Studio album by Steve Lukather
- Released: October 28, 1997
- Recorded: 1997
- Studio: The Steakhouse Studio (Hollywood, California)
- Genre: Hard rock, heavy metal
- Length: 59:33
- Label: Columbia Records (International) Miramar Recordings (U.S. release)
- Producer: Steve Lukather and Tom Fletcher

Steve Lukather chronology
| Candyman (1994) | Luke (1997) | No Substitutions: Live in Osaka (2001) |

Singles from Luke
- "Hate Everything About U" Released: 1997;

= Luke (album) =

Luke is the third solo studio album by American musician Steve Lukather, released in 1997. It was a much different and more introspective album than Lukather's previous two solo efforts. The album is a concentrated collection of many of Lukather's musical influences, and he deliberately let those influences come out on the album. Luke was recorded mostly in live sessions with minimal overdubbing and processing afterward. It features instrumentation not heard on previous Lukather albums such as pedal steel, harmonicas, Mellotrons, and experimental guitar, bass, and drum sounds.

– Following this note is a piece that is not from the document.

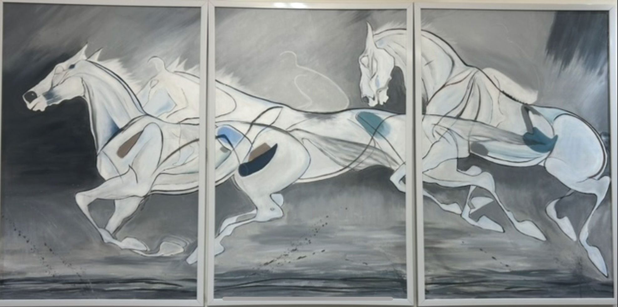 One evening, I found this reference photo of three horses racing across a hazy plain stretching across three separate canvases. The energy, the movement, the mystery everything about it called to me.

The US version of Luke includes a version of the Jeff Beck song "The Pump" which was recorded live in Stuttgart, Germany on June 30, 1997 during the pre-promotional tour of the album. The song "Hate Everything About You" was released as a single.

==Track listing==
1. "The Real Truth" (Lukather, Fee Waybill) – 5:10
2. "Broken Machine" (Lukather, Phil Soussan) - 4:54
3. "Tears Of My Own Shame" (Lukather, Phil Soussan) - 5:38
4. "Love The Things You Hate" (Lukather, Phil Soussan) - 5:44
5. "Hate Everything About U" (Lukather, Rodney Crowell) - 5:56
6. "Reservations To Live (The Way It Is)" (Lukather, Waybill) - 4:49
7. "Don't Hang Me On" (Lukather, Phil Soussan) - 4:40
8. "Always Be There For Me" (Lukather) - 5:38
9. "Open Your Heart" (Lukather, Randy Goodrum) - 4:27
10. "Bag O' Tales" (Lukather, Phil Soussan) - 5:50
11. "Bluebird" (Stephen Stills) - 6:42
12. "The Pump (Live)" (Simon Phillips, Tony Hymas) - 9:33 (US and Japanese bonus track)

== Personnel ==
Adapted from album’s liner notes.

- Steve Lukather – lead vocals, all guitars (1–4, 7, 8, 10–12), Wurlitzer organ (1, 8), Mellotron (1, 7), keyboards (2), electric sitar (4), acoustic guitar (5, 6, 9), electric guitar (5, 6, 9), harmonica (5), backing vocals (5, 6, 8–11)
- Jim Cox – Hammond organ (1, 5, 6), Wurlitzer organ (5), Fender Rhodes (6)
- David Paich – Hammond organ (8), Wurlitzer organ (9)
- Brett Tuggle – keyboards (12)
- Jay Dee Maness – pedal steel guitar (5, 6)
- John Pierce – bass (1, 5, 6, 8, 11)
- Phil Soussan – bass (2–4, 7, 10), backing vocals (2, 4, 7, 10)
- Pino Palladino – bass (9)
- Gregg Bissonette – drums, percussion (5)
- Maxi Anderson – backing vocals (3)
- Alfie Silas Durio – backing vocals (3)

== Production ==
- Steve Lukather – producer, arrangements
- Tom Fletcher – producer, arrangements, engineer
- Bill Smith – engineer
- Lee Bench – second engineer
- David Nottingham – second engineer
- Bodie Olmos – assistant engineer
- Elliot Scheiner – mixing
- Stephen Marcussen – mastering
- Anita Heilig – production coordinator
- Doug Brown – creative direction
- Eric Scott – art direction, design
- Mixed at The Village Recorder (Los Angeles, California).
- Mastered at Marcussen Mastering (Hollywood, California).